2017:651 - Kilberry Graveyard Wall, Meath

NMI Burial Excavation Records

County: Meath Site name: Kilberry Graveyard Wall

Sites and Monuments Record No.: ME018-022 Licence number: 16E0045

Author: Niall Roycroft

Site type: Boundary wall partial reconstruction

Period/Dating:

ITM: E 687091m, N 773878m

Latitude, Longitude (decimal degrees): 53.707318, -6.680864

Archaeological monitoring was undertaken on the Kilberry Graveyard Wall Refurbishment alongside the R163 (Kilberry-Slane Road) in the townland of Castletown Kilberry.

The R163 Graveyard wall / boundary measured approximately 88m E-W. The works also included a record and assessment of the RMP Kilberry Church ME018-022 and associated graveyard ME022001 in the possession of Meath County Council.

Works involved demolishing the existing wall/boundary and excavating back approximately 1m-1.5m into the higher ground to the north of the road.
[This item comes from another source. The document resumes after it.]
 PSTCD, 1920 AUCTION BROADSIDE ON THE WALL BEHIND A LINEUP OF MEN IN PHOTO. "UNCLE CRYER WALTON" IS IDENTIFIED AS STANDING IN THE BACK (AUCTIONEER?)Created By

The Graveyard wall/boundary included an inscribed stone commemorated a set of Gate Piers built by Christopher Everard in 1715. The original piers had been removed in the past and replaced by a pair of octagonal gate piers that are probably later 19th century.

Probable early medieval evidence came from two iron smelting pits that had been disturbed by ploughing. From one pit came an ore or slag bloom processing anvil of local stone. The anvil had a basin-shaped hollow and a projection on the front similar to a modern anvil ‘horn’. One piece of slag bloom was also found. Considerable post-medieval and modern ploughsoils up to 1m deep covered the earlier levels.

The graveyard wall to the R163 appears to have been built around 1800 and was found to contain 21 pieces of reused 13th century moulded imported Dundry (near Bristol in England) stones belonging to now lost church windows. Three different central window mullion styles implied at least three, two-light windows, plus two pieces of probably 18th century plain red floor tiles showed the floor. A further 12 pieces of 13th century window and door stones were recorded within the graveyard, often reused as headstones.

Also within the graveyard were 13 pieces of probably Killaloe (green) and Welsh (blue) peg-hole roof slates (amongst many fragments without noticeable peg-holes). These probably date from a church refurbishment at the beginning of the 18th century. The north door of the church had been partly exposed in the southern wall. The present works found the blocked opposing North Door. Dean Cogan (1862 Diocese of Meath Vol 1) says that Kilberry Church was reduced in length to its present size in the early 17th century: this work probably involved removing the chancel and any rood screen. An old photograph shows the western gable wall had a two-light window and was capped by a bell-cote. This gable wall fell in recent memory and the current western wall is a modern rebuild. How much other rebuilding went on at that time is not precisely known, but the fallen debris along the outside of the south wall was removed, the church body emptied and then filled with loose stones. A 1968 survey mentions the base to some window mullions in the eastern wall, but these are no longer in situ.